Поверхность толстой стены была ребром и мокрая – очень легко было соскользнуть. Но Сергей стоял крепко, прислонившись лбом к стене башни и распластав по ней руки. Теперь Любка уже сама взлезла ему на плечи по спине, все-таки он был очень силен. Зубцы башни оказались на уровне ее груди, и она легко взлезла на башню. Ветер так рвал ее платье и жакет, что казалось – вот-вот сбросит ее.
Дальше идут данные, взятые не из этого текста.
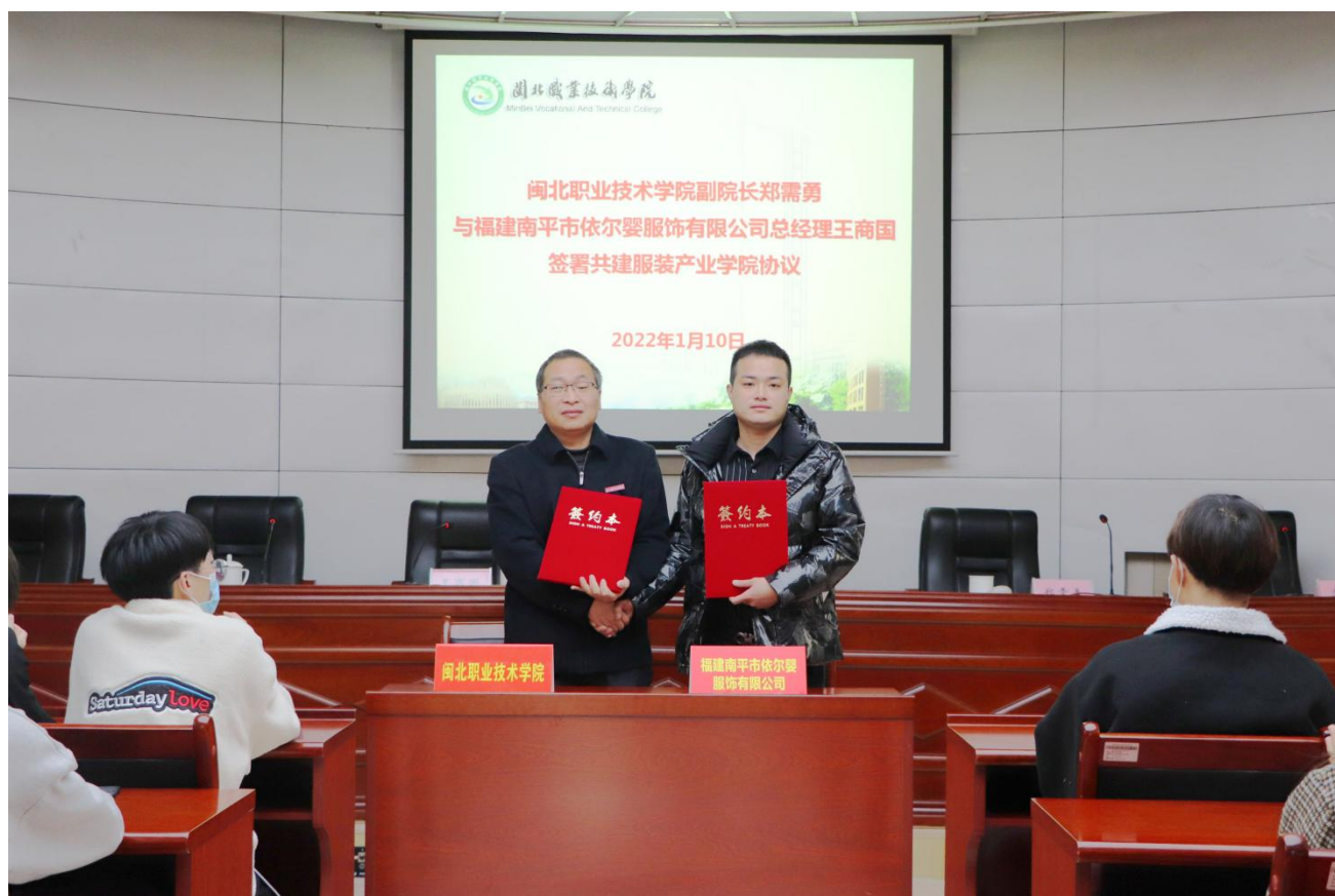
图 1 闽北职业技术学院和福建南平市依尔婴服饰有限公司签约现场

深化产教结合，以满足闽北经济社会的发展需求，推动教育改革，促进职业教育和产业的联合发展，共同培育服装与服饰设计领域的专业技术人才。学院积极扩大与行业和企业联系，强化人才培养、实训基地、教师团队和社会服务等各方面的建设，与企业协作进行技术研发、提供技术服务和职业培训，以增强其为产业发展提供服务的能力。福建南平市依尔婴服饰有限公司则将充分利用其在产业和技术方面的积累优势，与学院在人才培养模式创新、师资互聘共用、社会服务平台建设等方面进行深度合作，共同谋求发展。

Но теперь самое трудное было позади…
Она вынула из-за пазухи сверточек, нащупала шпагат, продетый сквозь оборку с узкого края, и, не давая развернуться на ветру, прикрепила к флагштоку. И только она отпустила, ветер подхватил это с такой яростной силой, что у Любки забилось сердце от волнения. Она достала второй, меньший, сверточек и надвязала у самого подножья флагштока, так, что это было уже внутри, за зубцами.
Таким же образом, по спине Сергея, она спустилась на стену, но не решилась спрыгнуть в грязь и села, свесив ноги. Сергей спрыгнул и снизу тихо позвал ее, подставив руки. Она не видела его, а только чувствовала его по голосу. У нее вдруг замерло сердце, – она протянула вперед руки, зажмурила глаза и прыгнула. Она упала ему прямо в руки и обняла его за шею, и он подержал ее так некоторое время. Но она высвободилась, спрыгнула на землю и, дыша ему в лицо, возбужденно зашептала:
– Сережка! Захватим гитару, а?
– Идет! И я переоденусь, ты меня всего вывозила своими ботиками, – сказал он, счастливый.
– Ни-ни! Примут нас, какие есть! – Она весело засмеялась.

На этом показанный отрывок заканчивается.